Existential Risk and Regulation
The discussion around the “existential risk” of AI and language models is often characterized by “undisciplined” and “neurotic” narratives [01:17:29].
- Real Risks vs. Overheated Speculation: While there are significant risks, including the “Eleazar paperclip maximizer” scenario, these are not imminent [01:17:56]. Current “overheated speculations” are largely seen as “marketing” to secure resources for longer-term problems [01:18:46].
- Types of Risks:
- Misuse of Narrow AI: People doing “bad things with narrow AI,” such as building state-of-the-art police states using facial recognition and data tracking, as seen in China [01:19:03]. While not existential, these pose a significant risk to the world [01:19:28].
- “Idiocracy Risk”: As AI becomes more capable, humans may “delegate our capacities to the machines” and stop investing in developing intellectual skills, leading to a societal de-evolution [01:19:57]. This raises concerns about the fragility of the technosphere; a major solar flare could disable infrastructure, leaving a de-skilled populace vulnerable [01:20:30].

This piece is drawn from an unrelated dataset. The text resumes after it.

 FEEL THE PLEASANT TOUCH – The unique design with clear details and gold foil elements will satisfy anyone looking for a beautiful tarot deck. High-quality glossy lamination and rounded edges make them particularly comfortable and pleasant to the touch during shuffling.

- Acceleration of “Game A”: AI could accelerate the current “game A” (the status quo, heading towards unsustainability) by making manufacturing cheaper, raw material extraction easier, and fostering technological advancements [01:21:23]. This could halve the time humanity has to address global challenges [01:21:49].

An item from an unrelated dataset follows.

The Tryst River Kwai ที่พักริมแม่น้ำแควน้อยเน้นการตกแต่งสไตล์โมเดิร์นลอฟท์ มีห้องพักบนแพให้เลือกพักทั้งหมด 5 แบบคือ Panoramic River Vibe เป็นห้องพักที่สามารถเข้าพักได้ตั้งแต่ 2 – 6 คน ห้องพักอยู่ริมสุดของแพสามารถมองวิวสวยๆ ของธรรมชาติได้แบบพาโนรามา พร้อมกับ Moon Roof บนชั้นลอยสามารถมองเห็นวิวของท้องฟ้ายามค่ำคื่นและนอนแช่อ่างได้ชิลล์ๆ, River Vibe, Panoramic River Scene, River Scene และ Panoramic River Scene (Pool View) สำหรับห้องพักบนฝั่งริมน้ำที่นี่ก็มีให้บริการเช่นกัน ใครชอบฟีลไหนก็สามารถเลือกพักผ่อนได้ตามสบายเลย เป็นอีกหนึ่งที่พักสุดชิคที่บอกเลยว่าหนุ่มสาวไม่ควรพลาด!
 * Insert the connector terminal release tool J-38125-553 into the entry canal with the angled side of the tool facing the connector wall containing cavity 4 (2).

- Historical Precedent for Regulation: History offers precedents for managing technological risks:
- Genetic Engineering: Recombinant DNA (1970s) and CRISPR (late 1980s) saw self-moratoriums and a lack of stringent regulation, yet major disasters were averted [01:22:28].
- Nuclear Weapons: After the first atomic bomb in 1945, there were early ideas for regulating nuclear materials (Truman) and later non-proliferation treaties (post-Cuban Missile Crisis in the 1960s) [01:23:41].
- Automobile: Over 100 years, fatalities per mile from automobiles have reduced by 95% due to incremental regulations like traffic lights, seatbelts, airbags, and driving tests [01:23:47].
- Call for Empirical Approach: The current debate around AI and language models needs “empirically informed discussion” and “small regulatory interventions” rather than “super Draconian proposals” or “science fiction prognostication” [01:24:36].
Future Outlook
- Rapid Advancement: The rapid acceleration of AI and language models development means we are on a steep part of the S-curve of technological progress [01:25:03]. Costs for building models are decreasing rapidly, with small state-of-the-art models costing as little as $1,000 [01:26:50].
- Phase Changes: There’s speculation about new “phase changes” in AI, such as GPT5 being trained on video, which might allow it to “induce physics” and gain a “completely new way” of understanding reality [01:26:00].
- Information Agents: One potential positive application of these technologies is the development of “info agents” [01:28:40]. These AI agents would filter information, curate content, and interact on behalf of individuals, buffering them from the overwhelming “flood of sludge” on the internet [01:28:47]. This could lead to an ecosystem of mutual curation and more controlled information flow, similar to how spam filters solved the email meltdown of the mid-1990s [01:31:07].
- Human Adaptation: While some may choose to “counter technology by ignoring it,” history shows that humans adapt to dangerous technologies incrementally, as seen with fire and language [01:32:50]. The future may see a bifurcation, with some individuals becoming “completely hypnotized” by advanced attention-hijacking technologies, while others develop “a whole different pattern away from it,” demonstrating humanity’s adaptive capacity [01:34:04].